China’s second and third largest operators — China Unicom and China Telecom — have swapped chairmen effective today, while market leader China Mobile has named an official with the Ministry of Industry and Information Technology (MIIT) as its new chairman.

Shang Bing, a vice-minister at the regulator, has replaced Xi Guohua as head of China Mobile, the company said in a statement.

Meanwhile, Unicom’s chairman Chang Xiaobing has taken the helm at Telecom, while his counterpart at Telecom, Wang Xiaochu, has become chairman of Unicom. Both executives have stepped down as executive directors of their previous companies.

Announcements on China Unicom’s and Telecom’s websites offered no explanation for the sudden change. But the move is not unprecedented. Back in 2004, Wang Jianzhou, at the time president and CEO of Unicom, took over as general manager of China Mobile (he later become chairman). Wang Xiaochu, then deputy managing director of China Mobile, was transferred to work as managing director of Telecom.

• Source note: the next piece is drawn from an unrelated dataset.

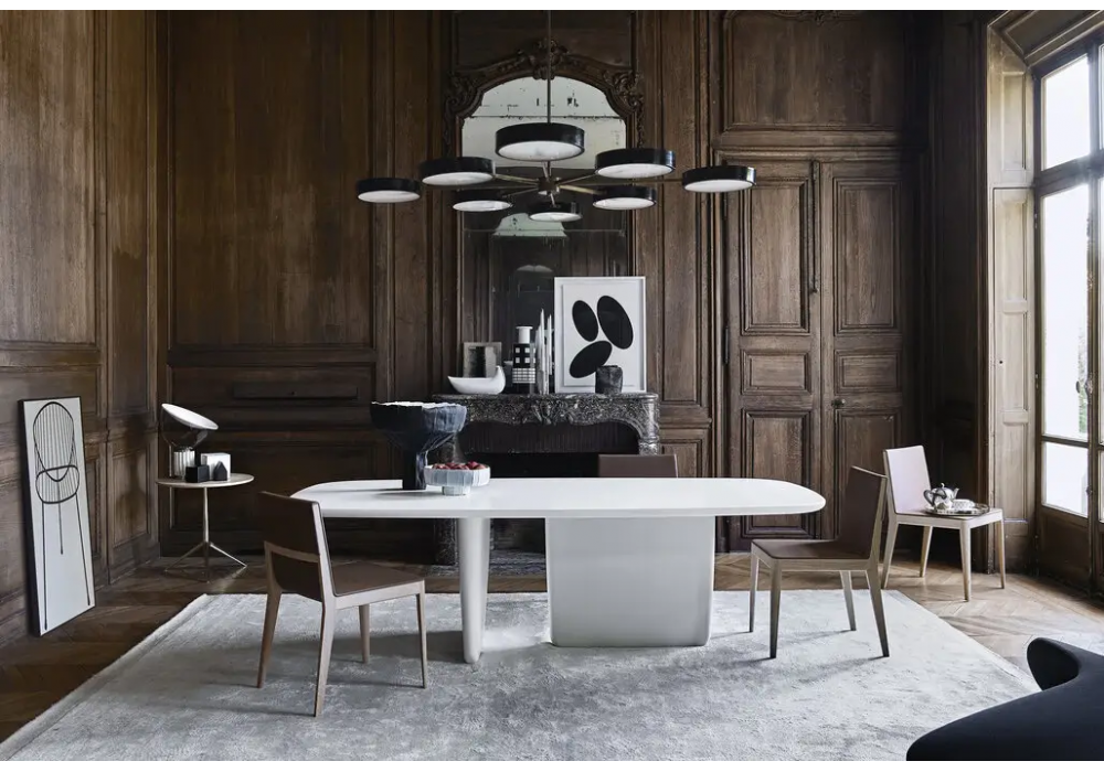 El diseñada por Antonio Citterio para B&B Italia es una silla con patas de roble y tapizado en diferentes tejidos o pieles.
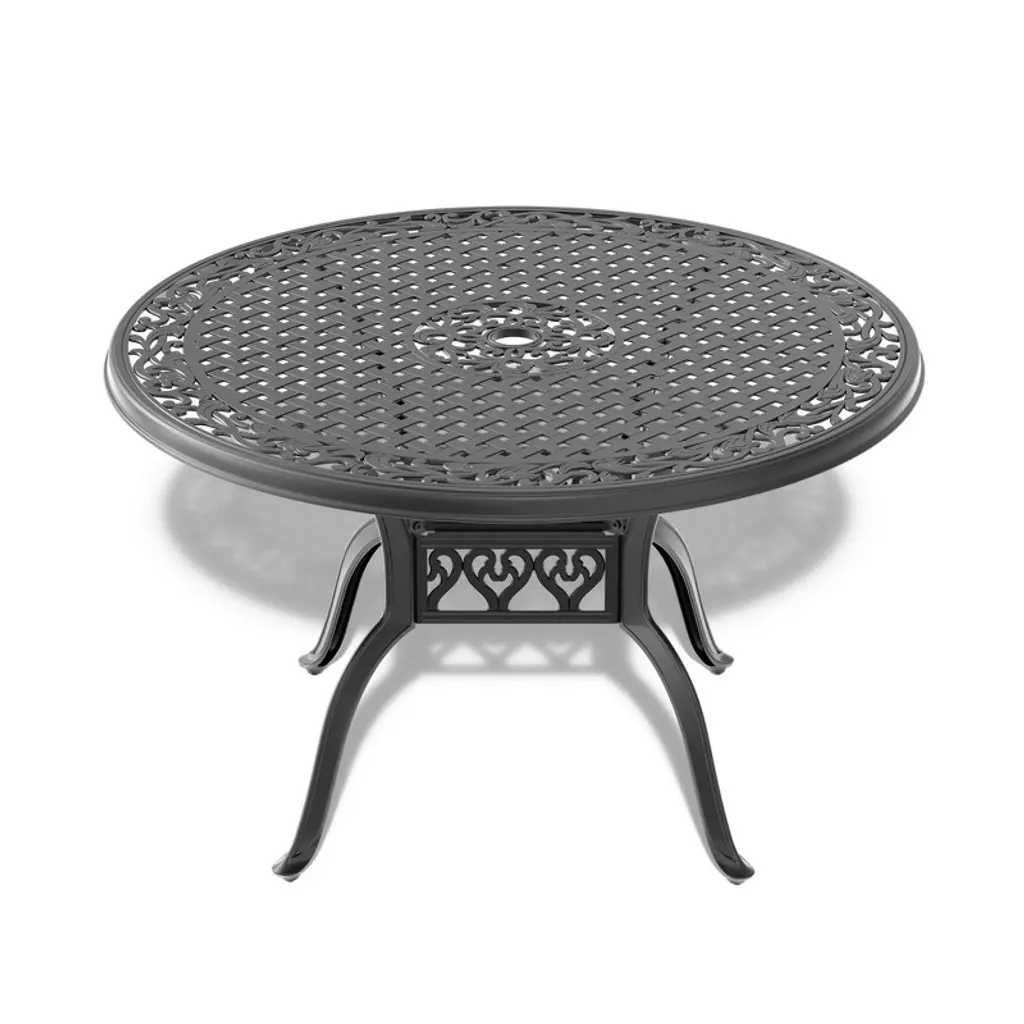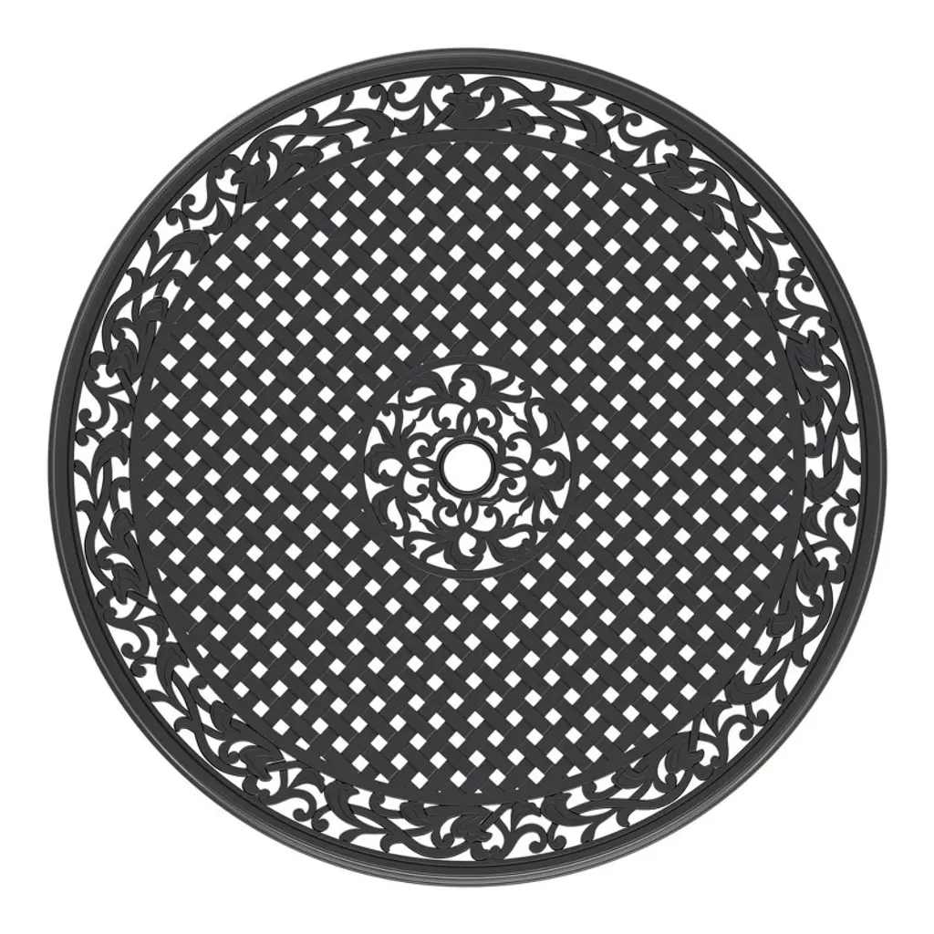 This elegant outdoor dining table features a traditional cast design with intricate patterns that add artistic charm to any space. Crafted from 100% aluminum with a weather-resistant powder-coated finish, it offers excellent durability against rust, UV rays, and the elements. A built-in 1.88-inch umbrella hole provides added convenience for shaded outdoor dining.

The three companies reported H1 results last week, with all experiencing slowing service revenue growth as the mobile market becomes saturated. Service turnover was flat at China Telecom, down 0.5 per cent at China Mobile and 5.3 per cent lower at China Unicom, which they blamed on the reduction in data tariffs and the impact of the country’s VAT reform.

Unicom was the only operator to report profit growth in H1 – its net profit rose 4.5 per cent. China Mobile’s net profit fell 0.8 per cent, but operating revenue expanded 4.9 per cent, while China Telecom saw its net profit drop 4 per cent and operating revenue decline 0.6 per cent.

Both Unicom and Telecom lag far behind 4G market leader China Mobile, which has 190 million 4G connections. The two were only awarded FDD-LTE licences in February, while China Mobile got its 4G start in December 2014, with TD-LTE licences.